“En Venezuela ha habido una traición, sin duda alguna, lo reconocen abiertamente. Una parte de los altos cargos han traicionado, de hecho, al presidente Nicolás Maduro. No van a poder repetir ese numerito en Cuba”, detalló el diplomático en una entrevista con el canal de televisión Rossiya 24.
No les espera un paseíto en Cuba si se animan a repetir algo parecido a lo de Venezuela, reiteró Nebenzia.
El representante del gigante euroasiático ante la ONU manifestó que las declaraciones emanadas últimamente desde Washington con relación a La Habana no son más que «retórica, por ahora».
La víspera, el presidente estadounidense, Donald Trump, decretó una emergencia nacional por presunta amenaza a la seguridad proveniente de la nación caribeña.
Ante esta determinación, firmó una orden ejecutiva que permite a la Casa Blanca imponer aranceles adicionales a las importaciones desde países que suministran petróleo a la mayor de las Antillas.
Por su parte, el canciller cubano, Bruno Rodríguez, calificó la actuación de Estados Unidos como un «brutal acto de agresión contra Cuba y su pueblo, al que durante más de 65 años se ha sometido al más prolongado y cruel bloqueo económico jamás aplicado contra toda una nación y al que ahora se promete someter a condiciones de vida extremas».
La nueva arremetida contra La Habana llega a penas semanas después de que Washington efectuara un importante ataque militar contra Venezuela en la madrugada del 3 de enero.

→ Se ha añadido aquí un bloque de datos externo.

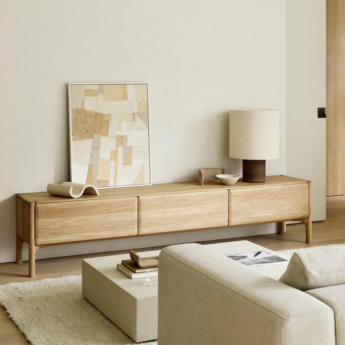 The PI TV stand is a versatile piece that works especially well in contemporary, Scandi, or minimalist interiors thanks to its clean lines and natural wood finish. I love how its understated design allows it to blend seamlessly into different spaces, offering both functional storage and aesthetic appeal. Practical styling tips include layering with some sculptural vases or books on top for visual interest, and using baskets or low storage boxes underneath for tidiness. Its generous width makes it suitable for larger TVs or as a low-sideboard, making it a practical yet stylish addition to living rooms aiming for a warm, natural look.
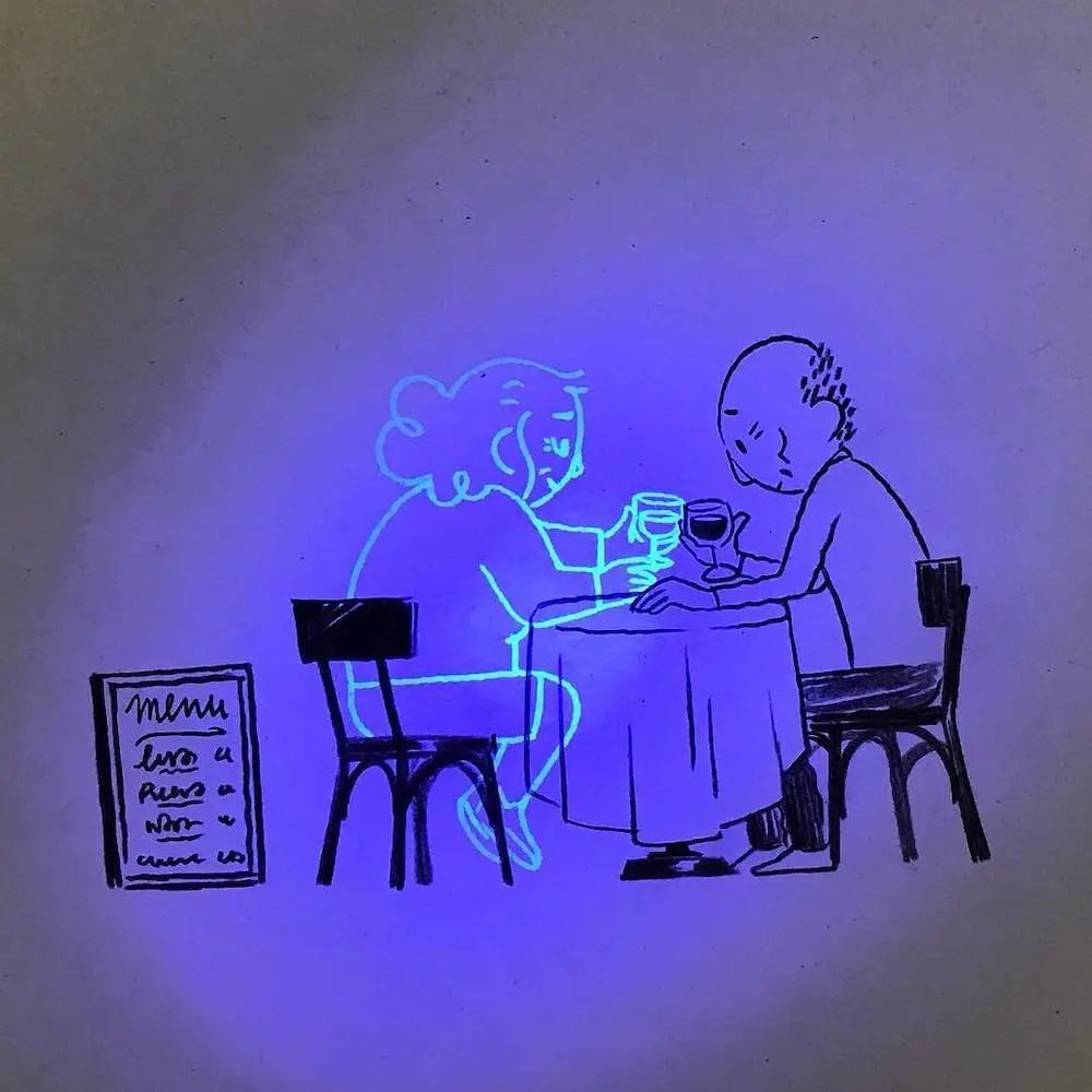 这组名叫《爱情幻影》的插画作品,描绘的是一个老人的生活,在我们肉眼可见的场景中,这位老年人一个人吃饭、一个人游玩、一个人发呆。在这个场景中背后,还有一个我们看不到的场景,只有用蓝色的灯照射下才会显现出来。
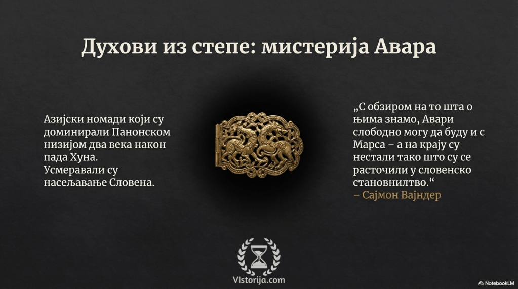 „Авари су били брзопокретни азијски номади оне заморне врсте која је позната свакоме ко је пробао да се скраси и заради поштен новац у централној Европи. Не знамо скоро апсолутно ништа о њима. Они су били на врхунцу када су заузели Константинопољ 626. године, али их су отерали Византинци, те су се они онда населили у широком појасу од Чешке до Бугарске. Аварски каганат на много начина илуструје зашто је мрачни средњи век тако иритантан – Авари се могу назрети у хроникама или на неколико преживелих декоративних предмета потпуно лишених контекста, иако су два века били главни сизерени, који су усмеравали насељавање Словена у централној Европи. Аварски амбасадор срео се с Карлом Великим на његовом двору на Рајни 790, године и договорили су границу између франачког и аварског царства, али то је очигледно било само примирје. Франци су поразили Аваре у катаклизмичкој бици која је позната по хрпама злата које је уручено пријатељима Карла Великог, што је било значајно померање злата са истока на запад, који је дуго био гологуз. Постоји последње помињање Авара у хроници из 822. године, али од тада име једноставно нестаје из писаних извора. Волео бих да имам неки наговештај како је аварски амбасадор који је разговарао с Карлом Великим заправо изгледао – ми чак не знамо ни који је језик користио, нити како се облачио. С обзиром на то шта о њима знамо, Авари слободно могу да буду и с Марса – а на крају су нестали тако што су се расточили у словенско становништво.“
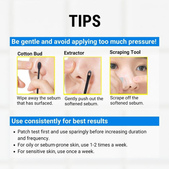 Τα βαμβακερά επιθέματα έχουν σχεδιαστεί για άνετη, ομοιόμορφη εφαρμογή, ώστε η ουσία να λειτουργήσει εκεί που χρειάζεται, και οι μπατονέτες προσφέρουν έναν στοχευμένο και ακριβή τρόπο αφαίρεσης του μαλακωμένου σμήγματος. Με αυτή τη σειρά, ο καθαρισμός γίνεται μπακάλυνθος φροντίδας, όχι μια ατελής προσπάθεια να «τραβήξεις» κάτι από τον πόρο.
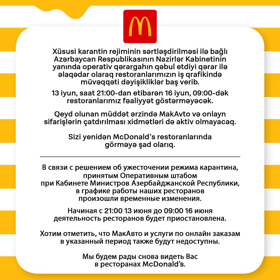 Так, например, заведения быстрого питания в Азербайджане дублируют на двух языках не только меню, но и важную информацию о графике работы ресторанов.

Como parte de la arremetida militar resultó secuestrado el presidente Nicolás Maduro y su esposa, Cilia Flores, quienes fueron trasladados a la ciudad estadounidense de Nueva York para ser juzgados por delitos de narcotráfico.
El bombardeo en Caracas y otros tres estados venezolanos se saldó con la muerte de al menos 100 personas, entre ellos 32 combatientes cubanos, y similar número de heridos entre militares y civiles, de acuerdo con datos ofrecidos por el ministro de Relaciones Interiores, Justicia y Paz, Diosdado Cabello.
La agresión a Venezuela llegó tras meses de una creciente tensión iniciada en agosto con el despliegue de una operación militar de Estados Unidos en el Caribe, la cual incluyó la presencia de destructores, un submarino nuclear, el portaaviones USS Gerald R. Ford y más de cuatro mil soldados.
Como parte de esta acción las fuerzas norteamericanas llevaron a cabo decenas de ataques contra supuestas «narcolanchas», en los que fueron asesinadas más de cien personas.